Having a seven hour layover in Mumbai, we were denied access to our departing gate because of the filming of a Bollywood film. Another typical occurrence Sebastian explained. As we watched a hunky guy in a cutoff sleeveless shirt being chased by airport security guards, my attention was distracted but the rambunctious gang of children running and screaming and playing on the luggage trolleys. Some barefoot, some dressed in westerners clothing while others in sequined dresses, but all with the most beautiful eyes I have ever seen. Big, brown, almond shaped with long lustrous eyelashes, bearing innocence so pure, so divine that I couldn’t help but stare and admire. I immediately made eye contact with one sweet girl in a white skirt and matching belly shirt, a toothy grin, and a warm smile. Oftentimes, she would run and halt completely in front of me to gaze wide-eyed and curious. After several times, all the children followed and they stood, anticipating with such love and questioning and friendliness that I had to fight the urge to reach out and hug them all.
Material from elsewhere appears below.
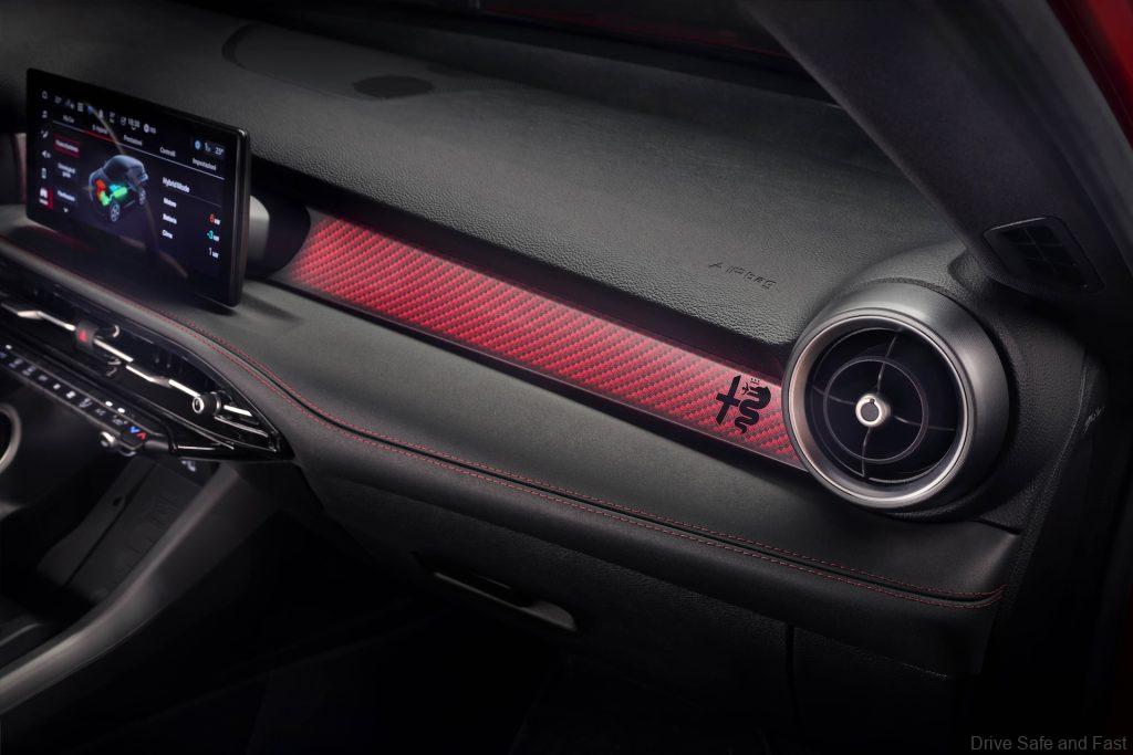 Step inside the Tributo Italiano models to experience a refined interior. The black perforated leather sports seats, featuring red accents and embroidered headrests, exude sophistication. Red stitching on the dashboard, seats, and door panels adds a touch of sporty flair. The Tonale model goes a step further with a carbon design dashboard fascia, ambient lighting, and an aluminum kick plate, creating a luxurious driving environment.

We began talking, or rather trying to communicate through broken English, broken words. We discussed the film and how they were extras in the movie. They excitedly told me about school and sports and their favorite past times. They were fascinated when Sebastian played a movie on his laptop. They listened intently as I told them about the biggest snowstorm of the winter and how it almost prevented us from leaving New York that very same morning. They were curious as to why my cheeks were pink and where my home was if I liked to eat mangoes. We spent the next two hours in the airport terminal, playing games, laughing, and living.



Ironically, a couple months ago, I had a vision that someday I would be working with Indian children and now here I sat, no more than an hour into my landing, surrounded by this sweet group of children, and already my eyes were being opened to the different possibilities my life path could take. I felt so strongly the whole trip was worth it for such a perfect moment. Communication boundaries no longer existed, for we connected on a deeper level. I will never forget those children. Never. And as we hugged tightly and said our goodbyes, I feared I would never see them again but felt richer for knowing them, however fleeting.
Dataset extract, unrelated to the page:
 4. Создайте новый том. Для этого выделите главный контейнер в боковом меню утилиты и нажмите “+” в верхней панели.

We boarded our final plane headed for Kerala, our final destination. Exhausted and delirious, I fought hard to stay up and watch the sunrise. Finally the darkness lifted, revealing blazes of gleaming golden pinks and oranges, sparkling blues and greens. A symbolic omen to me, as the sun was rising so a new chapter of my life was unfolding. A new dawn, a new day, a new life. Within minutes, the colors disappeared into pure white light and the luminous sun pierced through the plane’s windows, warming me to my core. As we flew over Trivandrum, Kerala’s capital city, I could see coconut trees for miles, flourishing hills of lush greens along the austere coast of the Arabian Sea. A quick drive though the most chaotic, horn blowing, crazed driving I have ever experienced, we arrived at Sebastian’s grandmother’s home, beautiful, inviting and spacious and with modern amenities. My own room and adjacent bathroom, air conditioning, a driver, a cook, a gardener. I spent most of the afternoon meeting relatives, taken back by their kindness and welcoming warmth. I sat on a rocking chair overlooking the garden, giving myself permission to slow down, to let go, and adjust to the much slower pace. To do absolutely nothing but just to be. I have had the pleasure to enjoy delicious home cooked meals of rice and vegetables, seasoned chicken, curries and spices, fresh fruits and juices. Retiring for an afternoon nap resulted in me sleeping for almost seven hours. And now I sit, wide awake in bed as I write my first blog entry, charged with energy and anticipation of all the awaits, all that lies ahead.